> **INFORMATION SUPPLIED**:
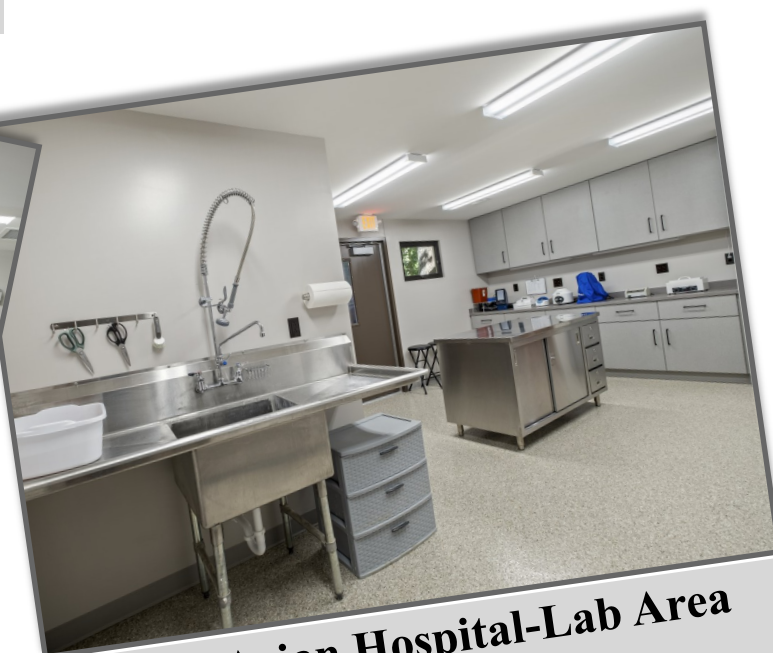
More Avian Hospital-Lab Area
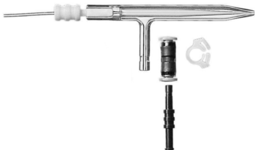
Concentric Glass Nebulizer with EzyFit Connector and EzyLok Argon Connector

A standard Conikal concentric glass nebulizer is the preferred means of vaporizing kerosene-diluted oil samples. The nebulization efficiency of kerosene is much higher than that of water, thereby introducing more sample to the plasma. If the lowest detection limits are not required, it may be beneficial to use a MicroMist low uptake concentric glass nebulizer. The lower volume of sample and solvent reaching the torch will provide a more rugged system and more robust plasma.
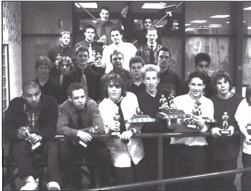
This year's MVP recipients from the Grade 8, Junior and Senior Football teams display their hardware.

> **PROBLEM TO WORK ON**:
All the material shown above is to be copied exactly, with no pictures carried over.

> **OUTPUT BELOW**:
More Avian Hospital-Lab Area
Concentric Glass Nebulizer with EzyFit Connector and EzyLok Argon Connector

A standard Conikal concentric glass nebulizer is the preferred means of vaporizing kerosene-diluted oil samples. The nebulization efficiency of kerosene is much higher than that of water, thereby introducing more sample to the plasma. If the lowest detection limits are not required, it may be beneficial to use a MicroMist low uptake concentric glass nebulizer. The lower volume of sample and solvent reaching the torch will provide a more rugged system and more robust plasma.
This year's MVP recipients from the Grade 8, Junior and Senior Football teams display their hardware.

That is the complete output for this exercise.